Thank God for small favors.

             
Gurt’s very literal Teutonic mind had not totally embraced the American idiom.

              But he said. “I think back when they were invented, someone thought they looked like a dachshund.”

              “So does almost every other
Wurst.”

             
From experience, Lang knew she had something other than frankfurters, wieners or hot dogs on her mind. A discussion of the banal was usually a prelude to something he wasn’t going to like. 

              Gurt almost disdainfully nibbled at her Naked Steak, a plain hamburger and changed the subject. “You disappointed your friend Celeste.”

              The onion ring stopped halfway to Lang’s mouth. “Disappointed?  I never even intimated I’d go to Nassau.”

              “I can see why she might think you would. She is one reason you never spent a dime on advertising.”

              Lang returned the half devoured onion ring to his plate, staring in bewilderment. “The reason I’ve never advertised is,” holding up his forefinger, “one: I’ve got plenty of business and,” holding up the index finger, “advertising is the province of personal injury sleazebags who operate on a volume basis: get a case in and get it settled, never mind if trying it would be better for the client.”

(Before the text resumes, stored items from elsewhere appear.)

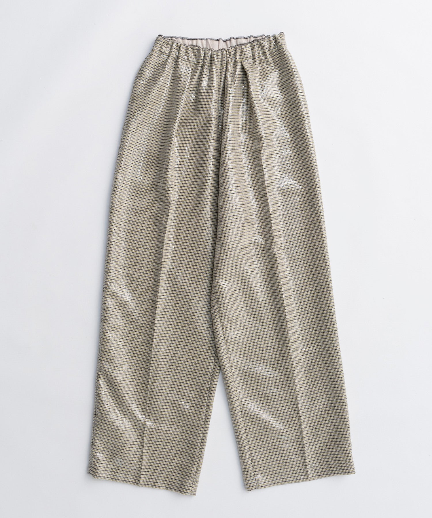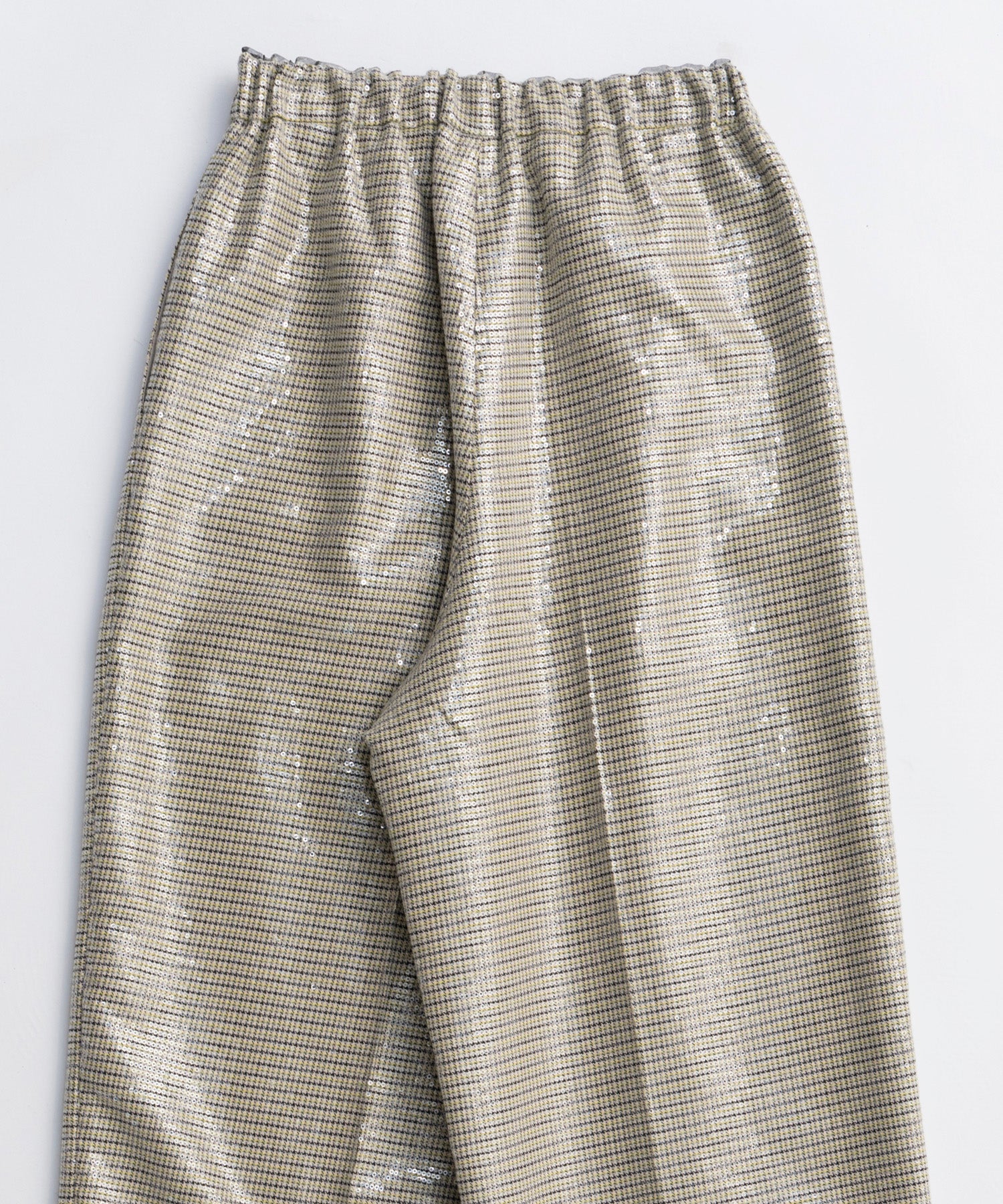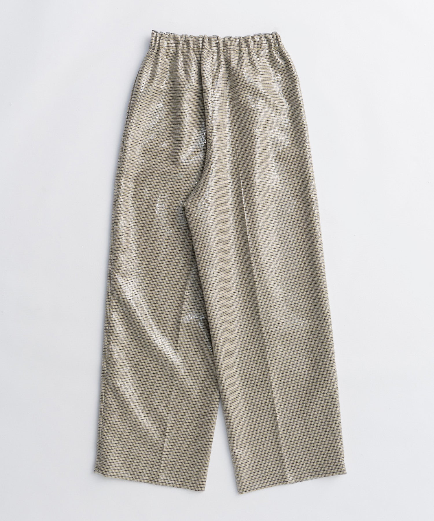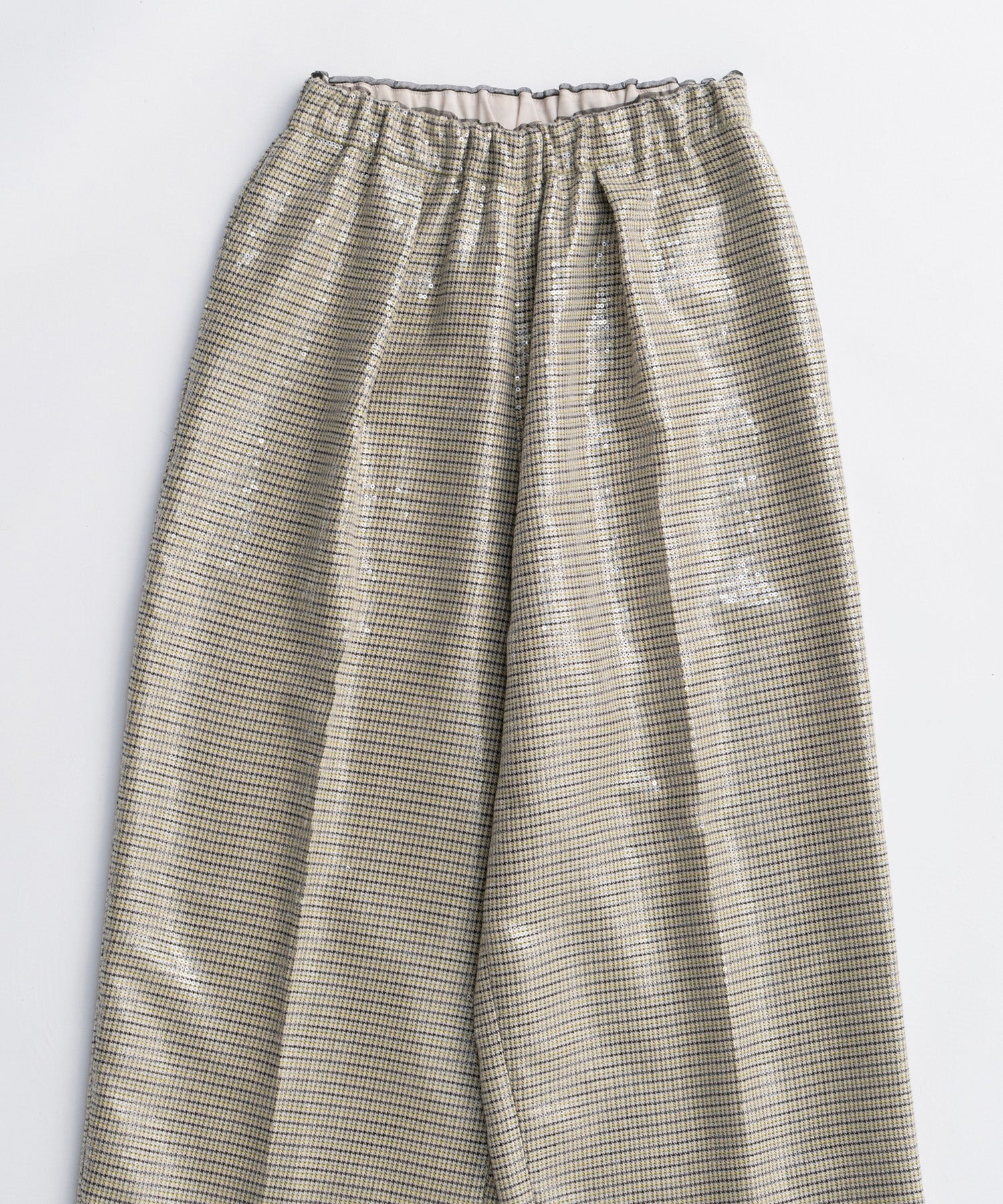 ・クラシカルなチェック柄素材の上に、スパンコールを全面にたたきつけたスペシャルファブリックを使用。
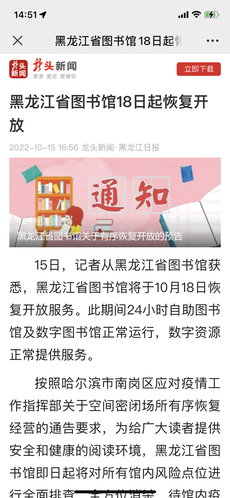 黑龙江省图书馆18日起恢复开放
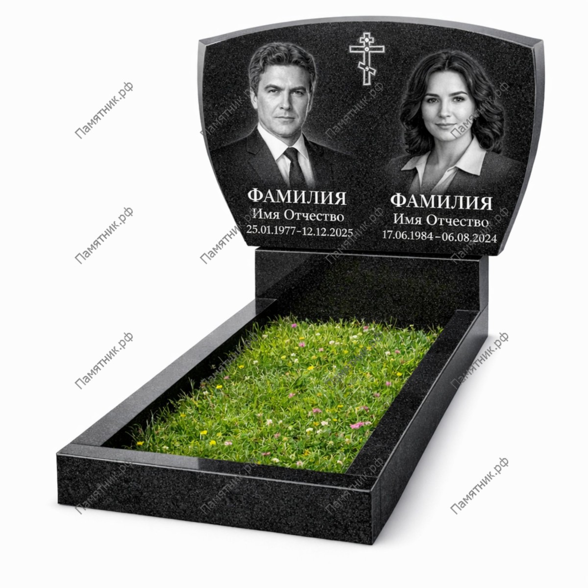 Памятник двойной ПД-10 представляет собой монументальную стелу с плавным купольным завершением. Это классическое решение для семейного захоронения, где центральный православный крест объединяет портреты близких людей в общую духовную композицию.

              Unperturbed, Gurt took another bite. “She once called you, what was it? ‘The cream of the white collar defense crop.’ It was right before that the mayor hired you to defend him.”

              “Ex mayor and we don’t know that article had anything to do with his decision to retain me.”

              “And it was right after you got that man off for stealing from the bank and her article . . .”

              “Embezzlement was the charge and he didn’t do it.”

              “Whatever, it was right after that man who did all the mortgage frauds . . .”

              Lang had forgotten the onion ring. “Are you suggesting I should drop what I’m doing and go Nassau? I mean, we made a deal years ago: No more getting into dangerous situations, no more endangering ourselves. For Manfred’s sake, remember? No risking him becoming an orphan.”

              Gurt dabbed at her lips with the paper napkin. “I think you owe this woman Celeste.”

             
No mind hobgoblined by foolish consistencies here. In fact, no consistency at all. But then, womankind in general and Gurt in particular were not noted for the trait.

              Lang guessed he was in for a trip.